Flight Engineers Norishige Kanai and Scott Tingle
From left, Flight Engineers Norishige Kanai and Scott Tingle take part in an in-flight media event aboard the orbiting laboratory. Image Credit: NASA TV

It’s a new day in space aboard the International Space Station, and three Expedition 55 crew members are prepping for an upcoming spacewalk and cargo-transfer activities while also sharing the wonders of our orbiting laboratory.

March 29 is the target date of the next U.S. spacewalk. To begin preparations for the excursion, the crew swapped out Extravehicular Mobility Units, or EMUs, and began resizing the suits. Also on the task list: packing up suit parts intended for return to Earth with SpaceX CRS-14.

In addition, the crewmates spent time reconfiguring the European Physiology Module rack for the future installation of ESA’s ICE Cubes Facility (ICF). The ICF will provide commercial entities simplified, low-cost access to the space station with individual experiment cubes—small investigations that could make large impacts within the scientific community.

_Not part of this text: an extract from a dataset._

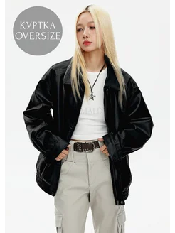 Бомбер кожаный куртка оверсайз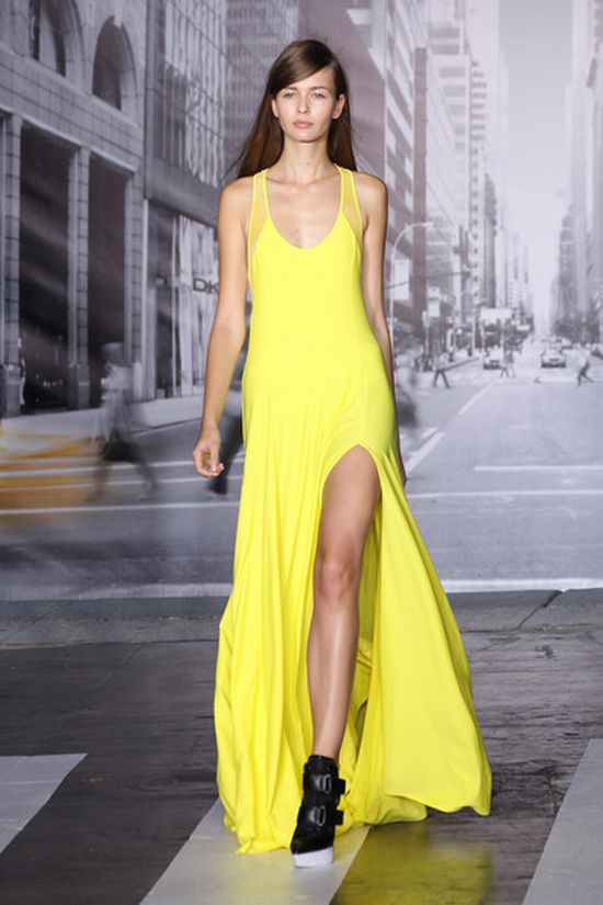 We begin our week long coverage of Mercedes Benz Fashion Week Spring/Summer 2013 with the DKNY show. For Donna Karan, it wasn’t about going with the trends or doing what is “in” fashion. It was about showcasing New York City in all of its beauty for the Spring/Summer 2013 season. “This collection was truly about New York, black, white, a shot of yellow, taxi cab, a real lifestyle of dressing from jeans to t-shirts, evening dresses, long, short, the body, on the go, things you throw on and let’s get going” said the designer to the press. “It is not about “Oh my God, this is fashion this season, it doesn’t go. They are really about the essentials of what one needs in life.” Indeed pairing beautiful long dresses with athletic shoes and belt bags shows Donna Karan is clear about being pragmatic, yet having fun while you at it. Enjoy some images from the collection.

NASA astronaut Scott Tingle and Norishige Kanai from the Japan Aerospace Exploration Agency shared how space station benefits humankind off the Earth, for the Earth, during two in-flight Public Affairs events live on NASA TV. The first interview was with KYW-TV in Philadelphia, while the second was with NPR’s 1A Broadcast on WAMU Radio in Washington, D.C.

Later, a reboost is planned using the Progress 69P spacecraft to lift station to the correct altitude for a Soyuz 53S undock and landing early this summer.

Investigations this week set the stage for longer missions in space

Veggie experiment
The crew continued work with Veggie-03, watering the lettuce plants, documenting growth and selecting some for consumption. Image Credit: NASA

Kicking off the new week, the Expedition 55 crew aboard the International Space Station continued studies evaluating crew health, performance and sustainability for long-duration space missions.

For one such investigation, a crewmate set up Neuromapping hardware to perform tests for Flight Day 90, conducting strapped in and free-floating body configurations. This experiment studies whether long missions can cause changes to brain structure and function, motor control and multitasking abilities, as well as how long it would take the brain and body to recover from the possible effects. Previous anecdotal evidence supplied by astronauts suggests that movement control and cognition can be affected in microgravity.

The crew also continued work with Veggie-03, watering the lettuce plants, documenting growth and selecting some for consumption. Veggie-03 supports the concept that for future long-duration space missions, a fresh food supply can be grown in space to supplement the crew while far from home.

On the ground, Expedition 55-56, consisting of Soyuz Commander Oleg Artemyev and NASA Flight Engineers Ricky Arnold and Drew Feustel, checked off more reviews of launch day and rendezvous procedures in anticipation of a March 21 liftoff from the Baikonur Cosmodrome in a Soyuz MS-08 spacecraft. They will join the crew already in orbit following a March 23 docking.